Hi Stewie, where abouts are you / were you around Malaga? Im up half way between Estepona and Gibraltar. Cyclists are always seen on the A-7/N-340 at around 4.30 every day. Proper road cyclists doing trips. Seem to be racing they have no luggage. Theyre there almost every day around that area. That part of the A7 isnt too bad, theres lots of roundabouts and keeps cars slow. The worse part is after Marbella towards Benalmadena. Its just not what I would call a pleasent cycle run. But you are right, sometimes it just has to be done, there are no other direct routes down the coast.

The reason why i say inland is simply because of the views, and the fact its quieter. Ive cycled up to Ronda and its absolutely fantastic.

To the OP, if you do take this route, I would just recommend you dress heavilly in high vis, so that you can be seen from miles away. There are too many brits not used to left hand drive cars and forgetting what side of the road to be on especially in the summer


----------



## andym (15 Mar 2010)

IMO (as someone who's planning to tour in that area shortly) the inland route seems a lot more interesting. I can't see the point in choosing a destination that means you are forced to ride on the most boring roads due to lack of time. If the original poster hasn't got the time to make the detour inland then it might make more sense to choose a shorter route or simply do a circular tour.


----------



## mangaman (15 Mar 2010)

andym said:


> IMO (as someone who's planning to tour in that area shortly) the inland route seems a lot more interesting. I can't see the point in choosing a destination that means you are forced to ride on the most boring roads due to lack of time. If the original poster hasn't got the time to make the detour inland then it might make more sense to choose a shorter route or simply do a circular tour.



I agree

The inland routes fron Ronda, to Antequerra and Archidona and around Grenada were the most beautiful, quiet roads I've ever ridden bar none.

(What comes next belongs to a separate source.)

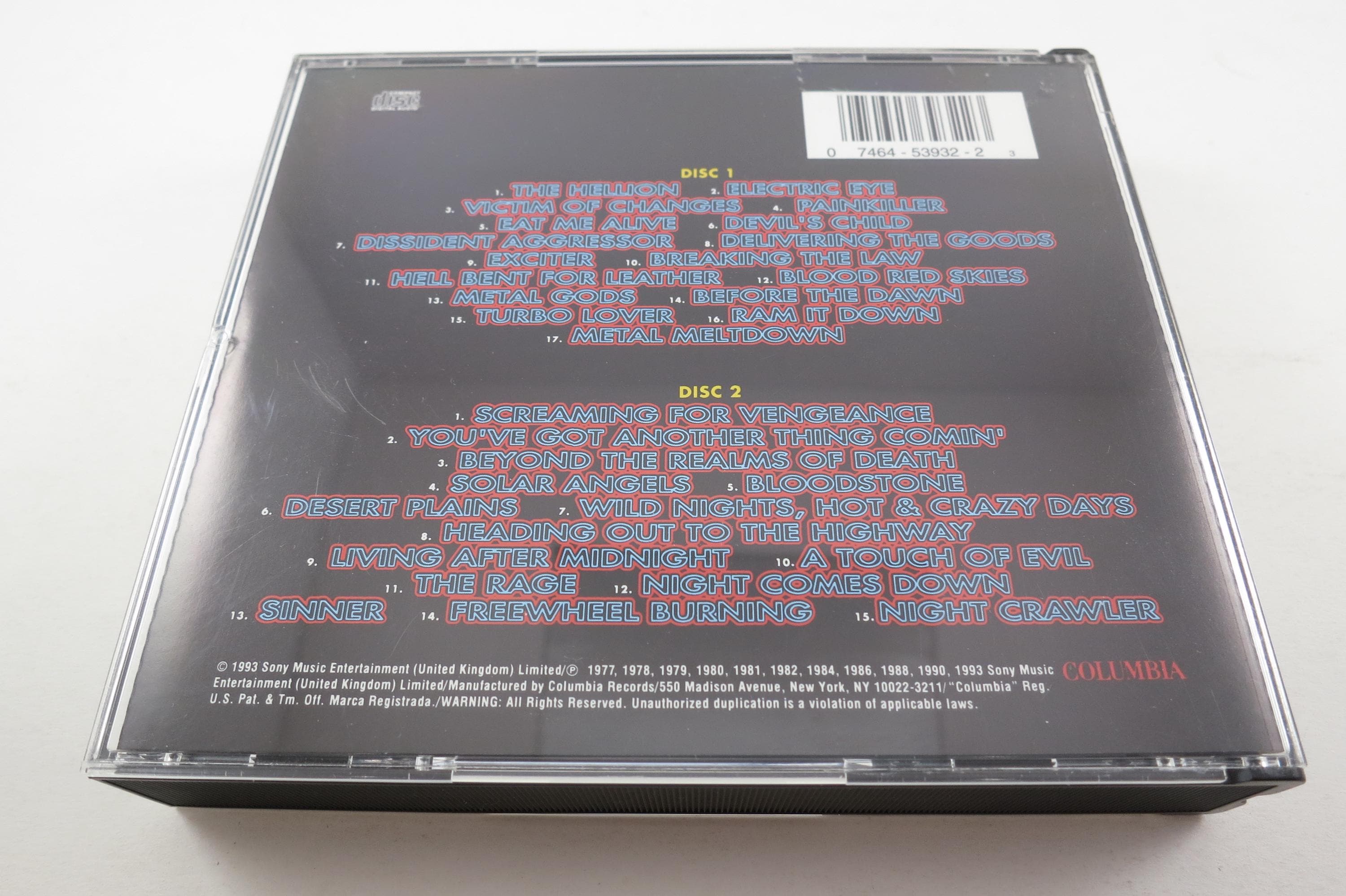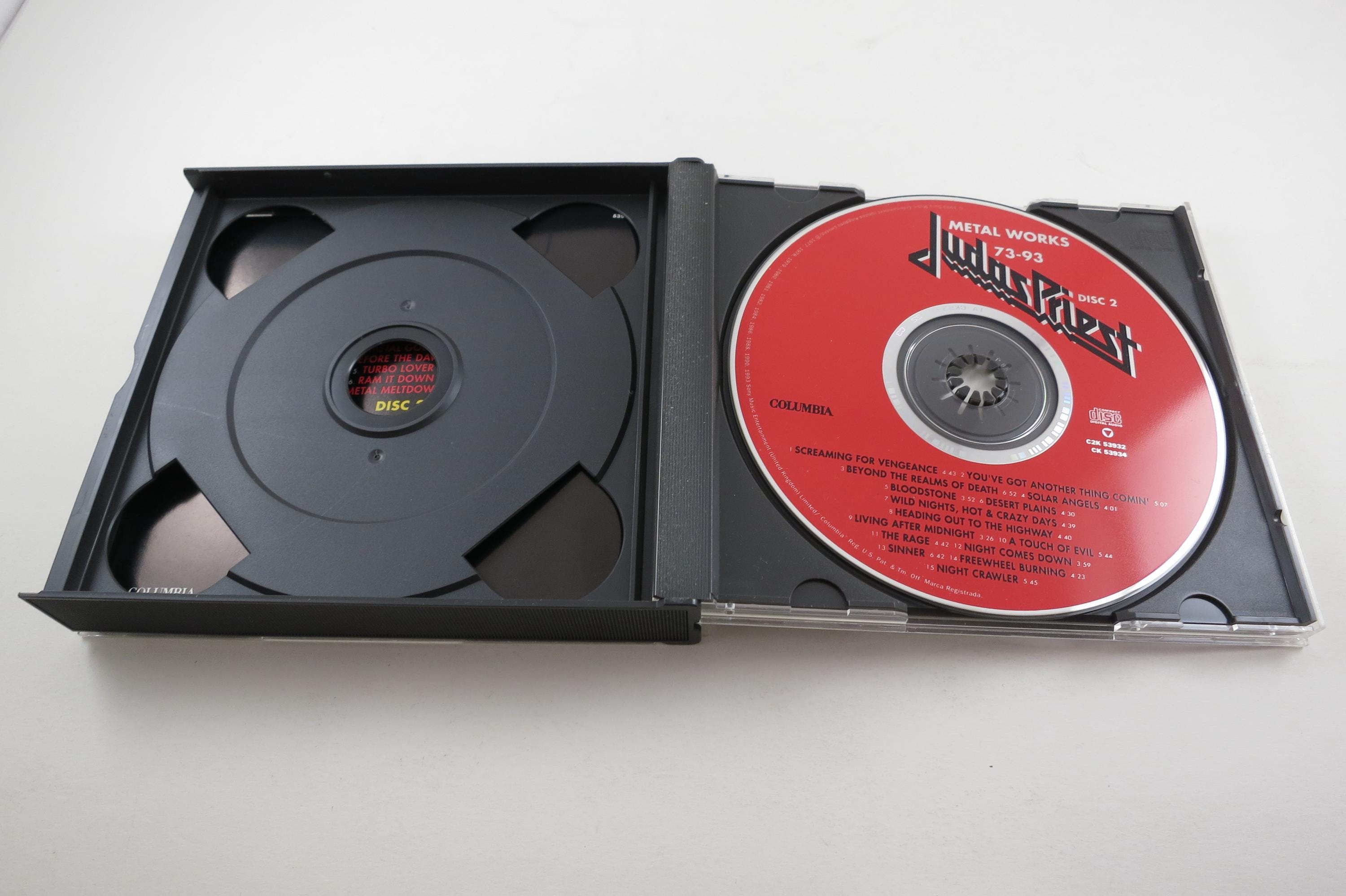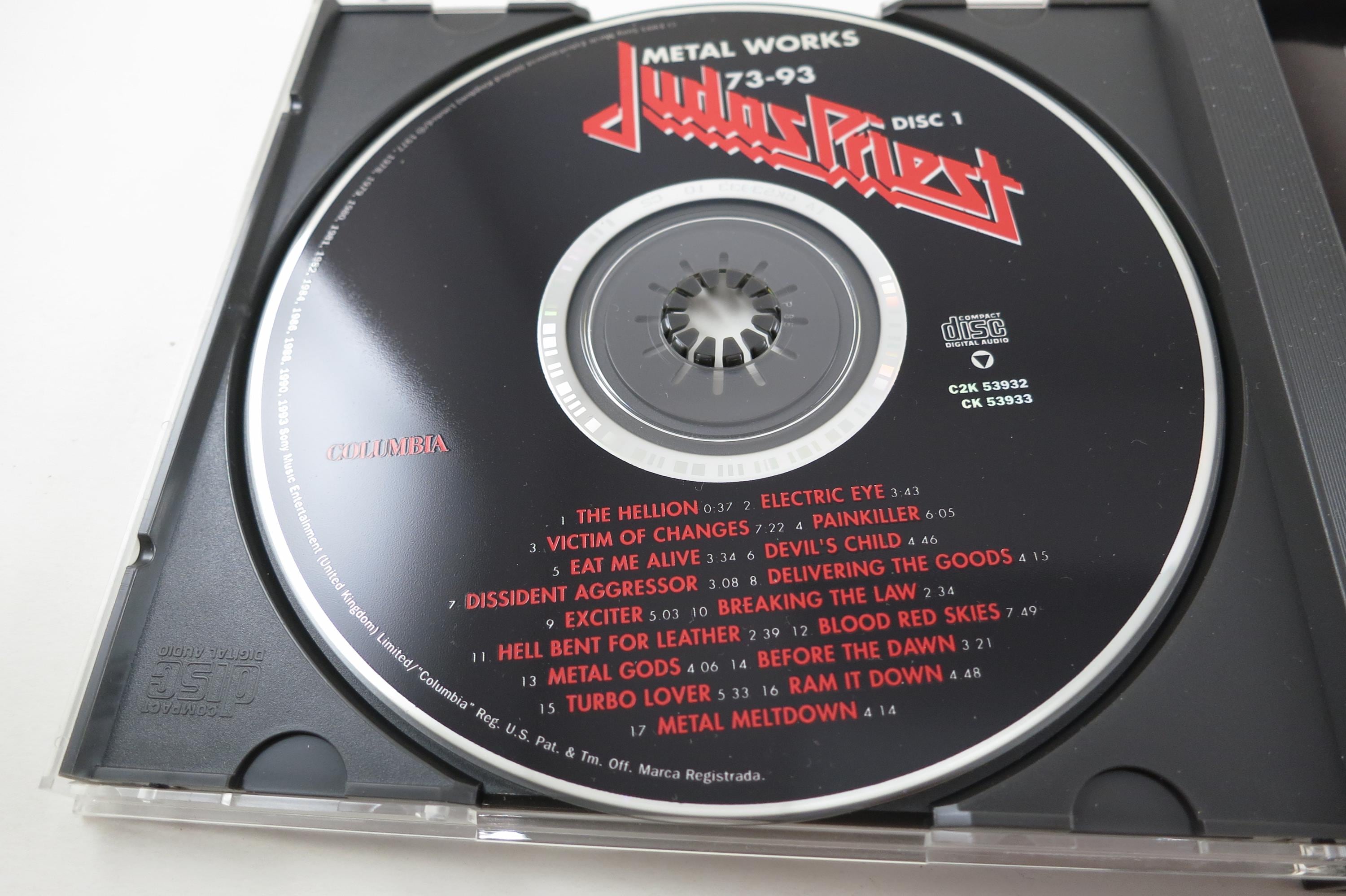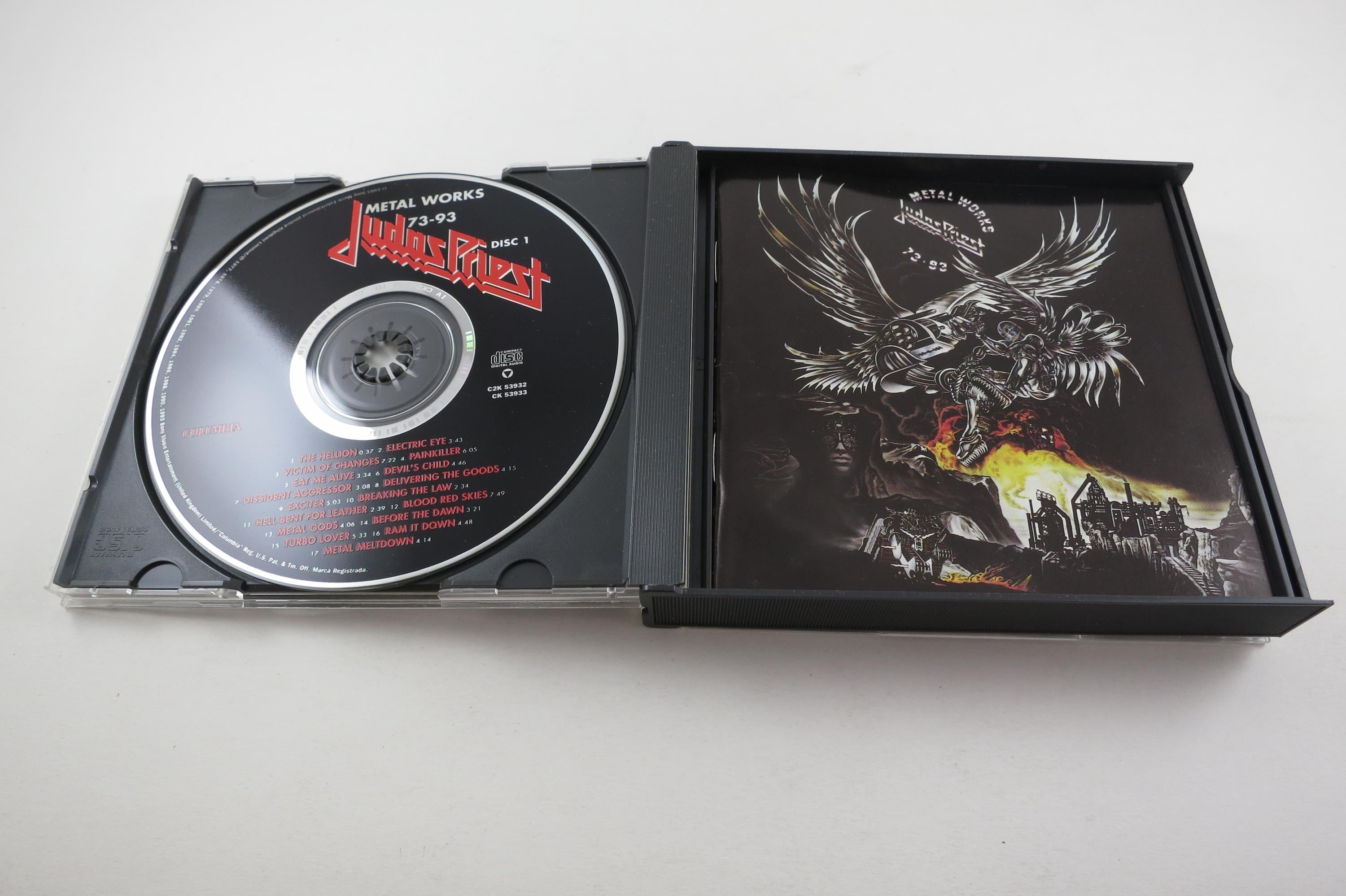 1993 Judas Priest CD Set Metal Works 73-93 2 Disc Set. Includes the booklet and Hype Sticker. Tracks are as follows

Tough climbs, but seriously worth it. It was a once in a liretime thing for me it was so beautiful.

Unfortunately it was in the olden days and all my piccs are on film or I'd post them.


----------



## insurin (15 Mar 2010)

I am just going to crack on and do this.

As for us Brits cycling on the wrong side of the road, after doing the last 2 tours I have developed a problem while in Britain. Sometimes I forget which is the correct side that I should be driving on. This is due to cycling in Spain/France but it seems to have been hard wired into my brain. Has anyone else experienced this?

If anyone knows Gibraltar well enough, I am after knowing if there are any cycle shops local just in case. Last time my on friends bike, the part of the frame where the rear mech connects to the frame got bent. This meant when his wheel spun, the rear mech was catching the spokes constantly when he was in the granny gear. This was remedied by staying on the bigger chain rings. Apart from that, his gear shifter just fell off the handle bar and all the little pieces fell out. What a nightmare. We managed to get it back on but he was limited in what gears he could use.

I like cycling next to the sea. It means I can have a dip whenever I please


----------



## onlineamiga (16 Mar 2010)

Hi Insurin, there is a cycle shop in Gibraltar, its a raleigh shop. Ive never been in there so dont know how good it is. There is also a cycle shop in La Linea on Calle San Pablo they do repairs and stuff. Once again never used it yet  but i had it recommended.

Cycling next to the sea is good. its just a shame the road is crap lol.


----------



## insurin (17 Mar 2010)

Excellent news about there being 2 cycle shops at the starting point.

I have also just noticed that I will be over there during the last week of the tour de france. Particularly interested in stage 17 (col du tourmalet) and stage 19 (individual time trial). These 2 stage is where I reckon the tour will be won.
The only drawback is the commentary will most likely be in Spanish unless I can find eurosport in English somewhere


----------



## ASC1951 (18 Mar 2010)

insurin said:


> I like cycling next to the sea. It means I can have a dip whenever I please


I've cycled through Malaga and down the main road to Estepona i.e most of the way to Gibraltar. It's ok; in fact the cycle lane makes it much safer than most UK main roads, certainly safer than going through the coastal towns where you have to mix it with delivery lorries and witless tourists.

A couple of practical points:-
- take plenty of inners. It's such a busy road that there is more debris than usual.
- avoid the five miles each side of Malaga in the rush hour, when it is particularly manic.
- in mid-July it's going to be very hot indeed.


----------



## jay clock (22 Mar 2010)

> OK I have found a nice journal about a guy who did Malaga to Faro.


YIPPEEEE that was me!

Can I just say that if you had ever seen it you would not be saying "I would like to go through Torremolinos"!


----------



## VadimC (3 May 2010)

Hi guys!

I'm from Russia, Moscow. In few days I'm will be the first time in Spain. Start point - Almeria. On May 8 me and my friend start to cycle somewhere :-) Almeria-Barcelona or Almeria-Gibraltar-Sevilia? On coast or inland? It would be great if you show route with all check points. I extremely need your expertise. Your recommendations?

About me: pro-active, crazy about MTB, football and golf. Multi-Sportsman.

stewie griffin, onlineamiga and others:
What about to meet on May 9-10 in Malaga, Gibraltar or somewhere?

P.S. My friend needs a bike. Does anybody knows good bike rental service close to the airport in Madrid?

My media:
http://www.facebook.com/vadim.chuvelev
http://twitter.com/Vadim_C


----------



## insurin (26 May 2010)

just and update people - T minus 7 weeks before take off

Can anyone clarify the different roads signs in spain

red background n340 - I can cycle on this, I have done it

blue background A7 - is this a motorway meaning no bikes
Green background E15 - not sure what this is.. anyone?
Yellow background E15 - again not sure
Orange background A7 - what is this one

I am particulary intersted in the final stretch from Almunecar to Almeria or at least Arda to Almeria in terms of what roads to take


----------